[Stored dataset items]
────────
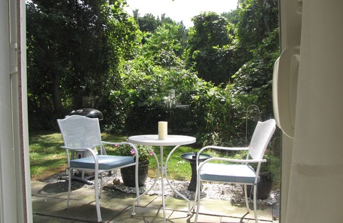 Beautiful cottage on Cape Cod, a wonderful experience, located in an area free from crowds, but with close proximity to all that the Cape and Islands have to offer. Come and relax with a glass of wine as you sit on your patio in your charming cottage. Located less than 5 minutes from Route 6, you are in a central location with easy access to Hyannis and the beautiful towns and beaches of the Mid Cape area, yet also close in either direction to the Outer Cape, the Lower Cape or the islands of Nantucket and Martha's Vineyard. Your cottage getaway is tucked away at the rear of our property lot in West Barnstable, Massachusetts in a lush garden setting. You will be less than a 4 minute drive from Sandy Neck Beach which includes 4,700 acres of beaches, dunes, maritime forests, and marshes filled with many recreational opportunities. Located in a gorgeous and peaceful countrylike setting across from an old blueberry farm, our cottage has been totally and lovingly very recently renovated and redecorated with new appliances and furnishings. The cottage has a large living room/dining room, kitchen area and bathroom on the first floor. Sliding doors lead outside to your private garden patio facing the woods. On the second floor is a very large bedroom with twin beds which can be put together to form a king sized bed, if desired. (bedding for either twin beds or king bed will be provided.)
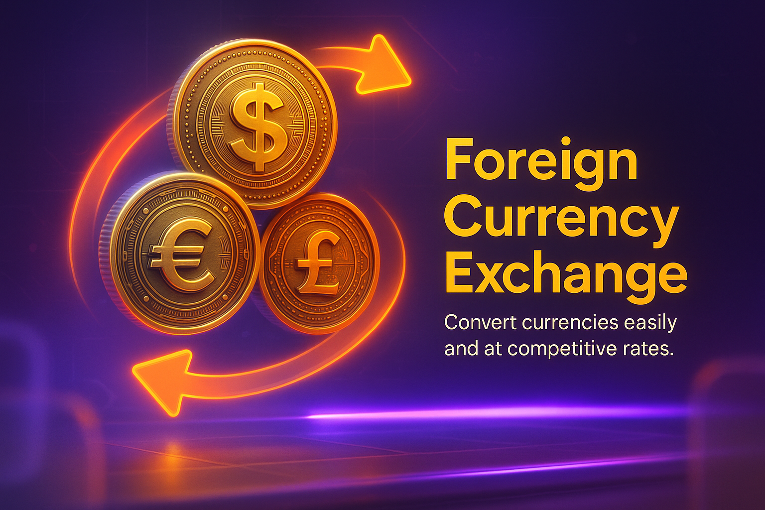 Vibrant graphic showcasing currency exchange with gold coin icons and glowing arrows, ideal for financial services marketing and promotional materials.
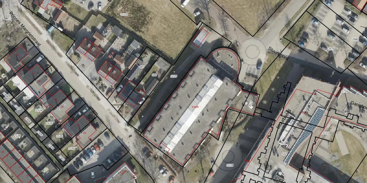Het perceel waarop Prinses Beatrixstraat 9-23 staat heeft een oppervlakte van 1951 m². Dit is een zeer groot perceel. De perceeloppervlakte wordt geregistreerd door het Kadaster. Gedetailleerde informatie over de maten van dit perceel kunt u vinden in het rapport Kadastrale kaart met maatvoering van Prinses Beatrixstraat 9-23.
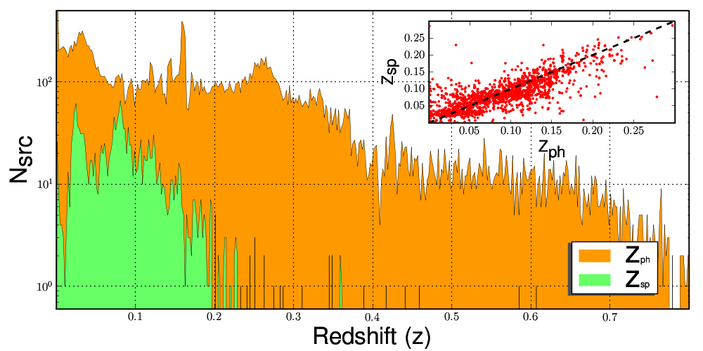 Source Properties: RedshiftsThe SDSS catalogue also contains up to two independent measurements of source redshift, a spectroscopic value and a less accurate photometric value. The redshift distributions of XMM-OM sources with SDSS DR6 extragalactic counterparts (nearest neighbour within 2 arcsec) are plotted in Fig 1 with sampling of Δz = 2 x 10-3. The spectroscopic redshift limit at z = 0.2 is a systematic consequence of the Sloan survey rather than intrinsic to the SUSS sample. It is not clear how real the photometric limit at z = 0.8 is, although the correlation between photometric and spectroscopic redshifts within the inset of Fig 1 indicates that photometric redshifts can be trusted to within few x 10-2 between 0.0 < z < 0.25.
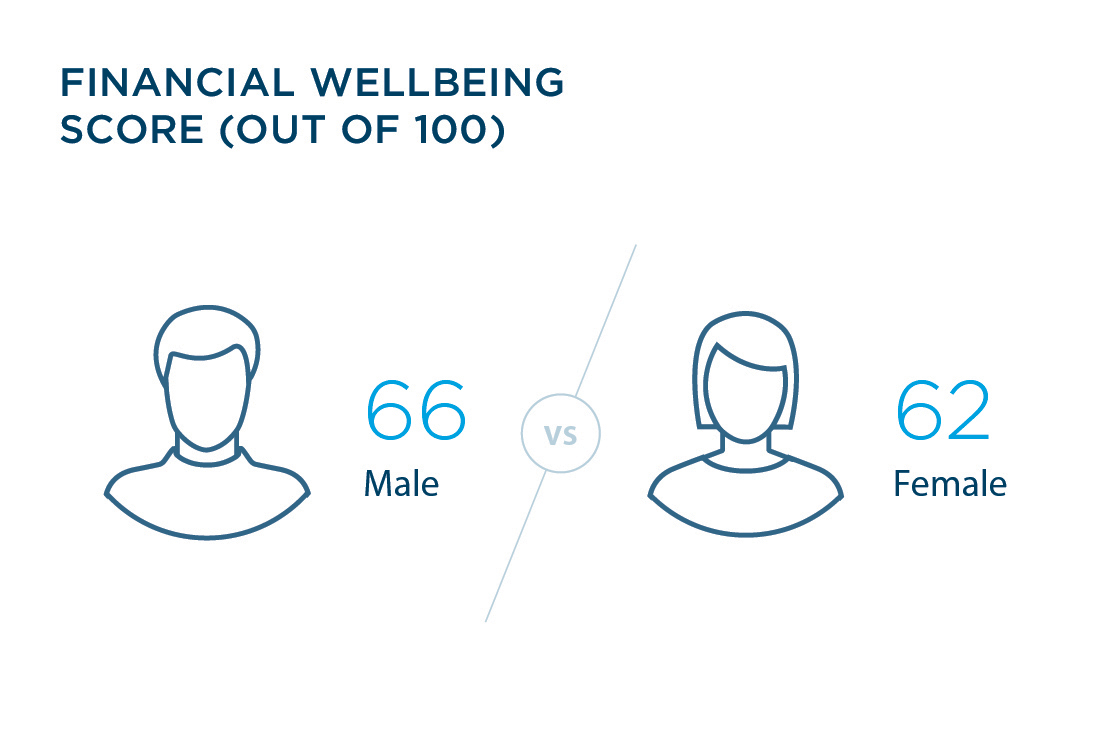 Australians have an average financial wellbeing score of 64 with men scoring higher (66 out of 100) than women (62 out of 100). Men generally scored above average on all four components of financial wellbeing and women scored below average for whether they were feeling comfortable about their financial situation, their financial resilience and their security for the future.
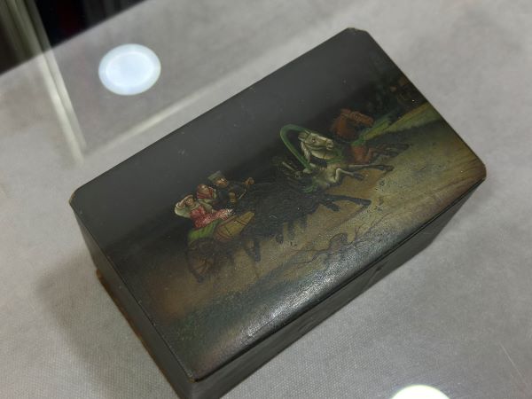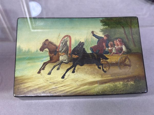 Особое место на выставке отведено сюжетным платкам и шкатулкам. На них размещали портреты известных государственных деятелей, инструкции по уходу за ранеными и оружием, карты, быт XIX в. Также на выставке представлен старинный орган и документ начала XIX в. с подлинной подписью государя императора Александра I и военного министра того времени – героя Отечественной воины 1812 года Бapклaя-дe-Toли.
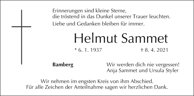 Hier finden Sie alle Traueranzeigen aus der Zeitung, die bisher für Helmut Sammet erschienen sind. Weitere Traueranzeigen, die in der Zeitung erscheinen, werden hier ebenfalls aufgelistet
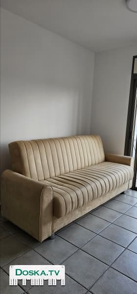 Срочно продается практически новый диван-кровать книжка светло-оранжевого цвета, высокая спинка, удобная для поддержки плеч и головы в положении сидя. Имеется большой встроенный ящик для белья. Размеры: длина 230, ширина при разложении 116 см. Стоимость 1100 шекелей. Обращаться по тел.
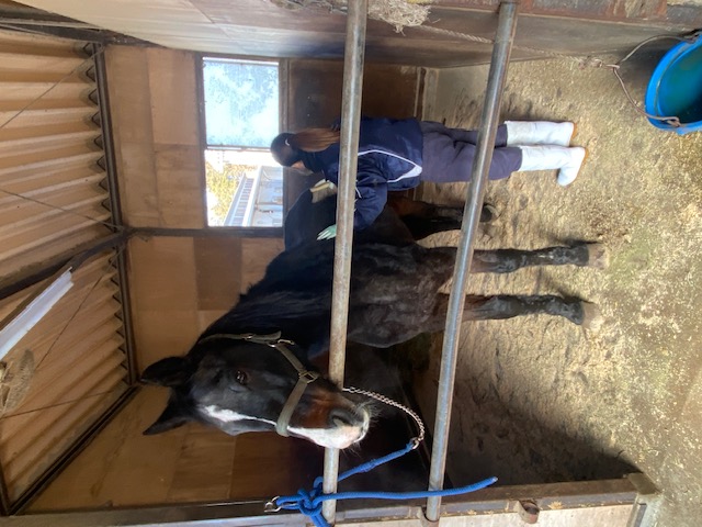 私の研究室の学生が馬のブラッシングをしてくれました。
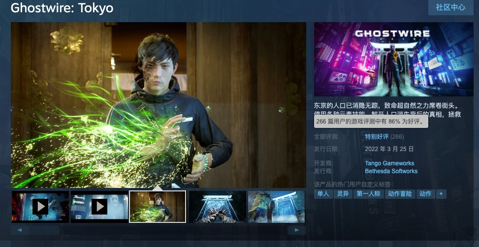 《幽靈線:東京》已於今日(3月25日)正式發售,截至發稿,該作在Steam的玩家口碑為特別好評(266篇評測中有86%為好評)。
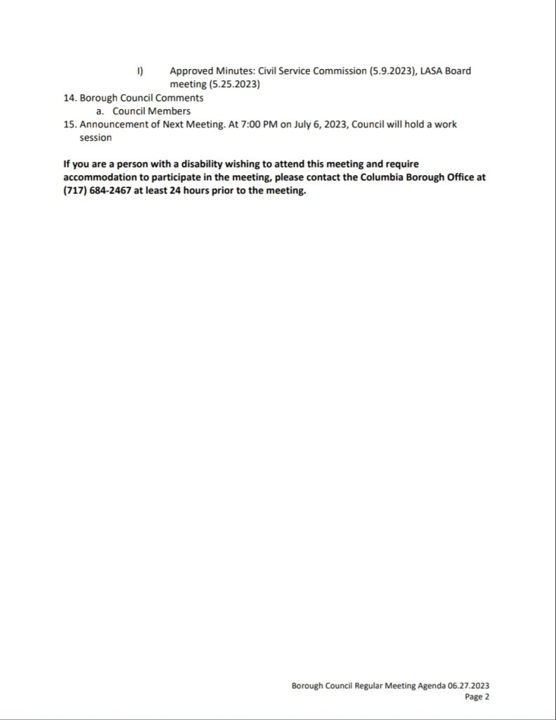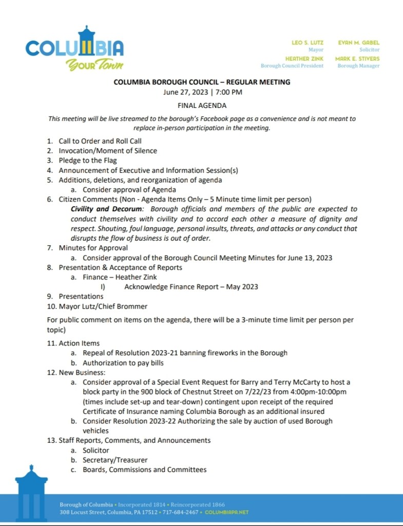 Agenda – Columbia Borough Council Meeting – June 27, 2023 The meeting packet is HERE. Share this: Share on X (Opens in new window) X Share on Facebook (Opens in new window) Facebook More Share on Bluesky (Opens in new window) Bluesky Share on X (Opens in new window) X Like Loading... Related
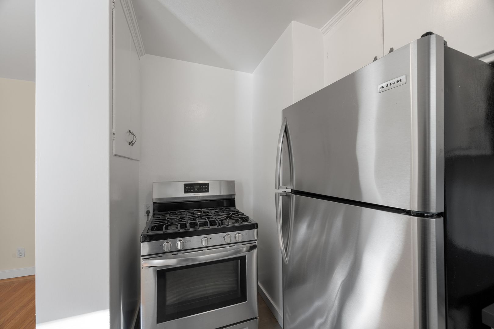 • Kitchen with stainless steel stove and refrigerator
────────
▶ [WHAT YOU NEED TO DO]:
Reproduce all of the entries exactly as they appear, though any picture they include must be omitted.

▶ [ANSWER FOR THIS EXERCISE]:
 Beautiful cottage on Cape Cod, a wonderful experience, located in an area free from crowds, but with close proximity to all that the Cape and Islands have to offer. Come and relax with a glass of wine as you sit on your patio in your charming cottage. Located less than 5 minutes from Route 6, you are in a central location with easy access to Hyannis and the beautiful towns and beaches of the Mid Cape area, yet also close in either direction to the Outer Cape, the Lower Cape or the islands of Nantucket and Martha's Vineyard. Your cottage getaway is tucked away at the rear of our property lot in West Barnstable, Massachusetts in a lush garden setting. You will be less than a 4 minute drive from Sandy Neck Beach which includes 4,700 acres of beaches, dunes, maritime forests, and marshes filled with many recreational opportunities. Located in a gorgeous and peaceful countrylike setting across from an old blueberry farm, our cottage has been totally and lovingly very recently renovated and redecorated with new appliances and furnishings. The cottage has a large living room/dining room, kitchen area and bathroom on the first floor. Sliding doors lead outside to your private garden patio facing the woods. On the second floor is a very large bedroom with twin beds which can be put together to form a king sized bed, if desired. (bedding for either twin beds or king bed will be provided.)
 Vibrant graphic showcasing currency exchange with gold coin icons and glowing arrows, ideal for financial services marketing and promotional materials.
Het perceel waarop Prinses Beatrixstraat 9-23 staat heeft een oppervlakte van 1951 m². Dit is een zeer groot perceel. De perceeloppervlakte wordt geregistreerd door het Kadaster. Gedetailleerde informatie over de maten van dit perceel kunt u vinden in het rapport Kadastrale kaart met maatvoering van Prinses Beatrixstraat 9-23.
 Source Properties: RedshiftsThe SDSS catalogue also contains up to two independent measurements of source redshift, a spectroscopic value and a less accurate photometric value. The redshift distributions of XMM-OM sources with SDSS DR6 extragalactic counterparts (nearest neighbour within 2 arcsec) are plotted in Fig 1 with sampling of Δz = 2 x 10-3. The spectroscopic redshift limit at z = 0.2 is a systematic consequence of the Sloan survey rather than intrinsic to the SUSS sample. It is not clear how real the photometric limit at z = 0.8 is, although the correlation between photometric and spectroscopic redshifts within the inset of Fig 1 indicates that photometric redshifts can be trusted to within few x 10-2 between 0.0 < z < 0.25.
 Australians have an average financial wellbeing score of 64 with men scoring higher (66 out of 100) than women (62 out of 100). Men generally scored above average on all four components of financial wellbeing and women scored below average for whether they were feeling comfortable about their financial situation, their financial resilience and their security for the future.
 Особое место на выставке отведено сюжетным платкам и шкатулкам. На них размещали портреты известных государственных деятелей, инструкции по уходу за ранеными и оружием, карты, быт XIX в. Также на выставке представлен старинный орган и документ начала XIX в. с подлинной подписью государя императора Александра I и военного министра того времени – героя Отечественной воины 1812 года Бapклaя-дe-Toли.
 Hier finden Sie alle Traueranzeigen aus der Zeitung, die bisher für Helmut Sammet erschienen sind. Weitere Traueranzeigen, die in der Zeitung erscheinen, werden hier ebenfalls aufgelistet
 Срочно продается практически новый диван-кровать книжка светло-оранжевого цвета, высокая спинка, удобная для поддержки плеч и головы в положении сидя. Имеется большой встроенный ящик для белья. Размеры: длина 230, ширина при разложении 116 см. Стоимость 1100 шекелей. Обращаться по тел.
 私の研究室の学生が馬のブラッシングをしてくれました。
 《幽靈線:東京》已於今日(3月25日)正式發售,截至發稿,該作在Steam的玩家口碑為特別好評(266篇評測中有86%為好評)。
 Agenda – Columbia Borough Council Meeting – June 27, 2023 The meeting packet is HERE. Share this: Share on X (Opens in new window) X Share on Facebook (Opens in new window) Facebook More Share on Bluesky (Opens in new window) Bluesky Share on X (Opens in new window) X Like Loading... Related
 • Kitchen with stainless steel stove and refrigerator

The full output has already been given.